SBS 2008 Network redundancy

Posted on 2011-10-14
Last Modified: 2012-06-07
Hi,  I appreciate that this question has been raised a few times, and I have researched and got some answers to consider, but would love an expert opinion on the following:
I have 40 plus users in a SBS 2008 network. I have inherited this network and am trying to make it as efficient and resilient to disaster as possible.
The DC is SBS 2008 Standard with 8 GB RAM (not enough, I know) on an HP Proliant DL380 G5 server. They utilise Sharepoint and Exchange 2007. There are 3 other servers - two Win 2003 servers and a second Win 2008. The second Win 2008 hosts their major heavily used application – a SQL app that is also web based. One sbs 2003 is the terminal server and the other hosts other apps and Quickbooks.
They are V heavily reliant on email and network availability both on phones and pcs. I want to be sure that there is minimum downtime for them.  I also need to test backups – I have Shadow Protect and understand there is the virtual boot capability but am v nervous about testing anything on the SBS server as there is no backup server and downtime is a no - no!  The company is also growing and may get bigger than 75 users in a year or two.
What are my options here? Do I get a second server with SBS 2008 Premium on it and replicate the AD functions for network redundancy etc and have an online Exchange failover solution? Or do I get a second SBS 2008 server set up and configured exactly the same way as our current so I can test updates, backups etc and have it ‘ready to go”?
Question by:sbsgal
    LVL 95

    Accepted Solution

    You can only have ONE SBS server in a domain.  The SBS server must be the FSMO master - since you can only have one FSMO master, you can only have one SBS in a domain.

    The more redundancy you have the more it will cost you.  

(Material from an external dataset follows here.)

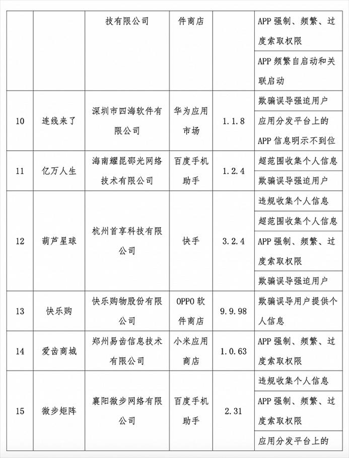 央視網(wǎng)消息:據(jù)工信部網(wǎng)站消息,近期,工信部組織第三方檢測機(jī)構(gòu)對群眾關(guān)注的實用工具、本地生活、網(wǎng)絡(luò)游戲等移動互聯(lián)網(wǎng)應(yīng)用程序(APP)及第三方軟件開發(fā)工具包(SDK)進(jìn)行檢查。發(fā)現(xiàn)24款A(yù)PP、SDK存在侵害用戶權(quán)益行為,現(xiàn)予以通報。

    There are several ways of doing this.... you could turn the servers into VMs and cluster them (you still have single points of failure if the OS gets hacked, corrupted, or infected with a virus), you could install BDRs that can, in minutes, assume the identities of the server(s) that fail.  You could implement server mirroring with products like DoubleTake.  All these solutions have the potential to cost mid 4 figures OR MORE, depending on what you have and the skills you have to implement this in-house vs. hiring a consultant.

    Author Comment

    Understood. And yes, certainly expensive. Thank you for your feedback. I'll give this some more thought.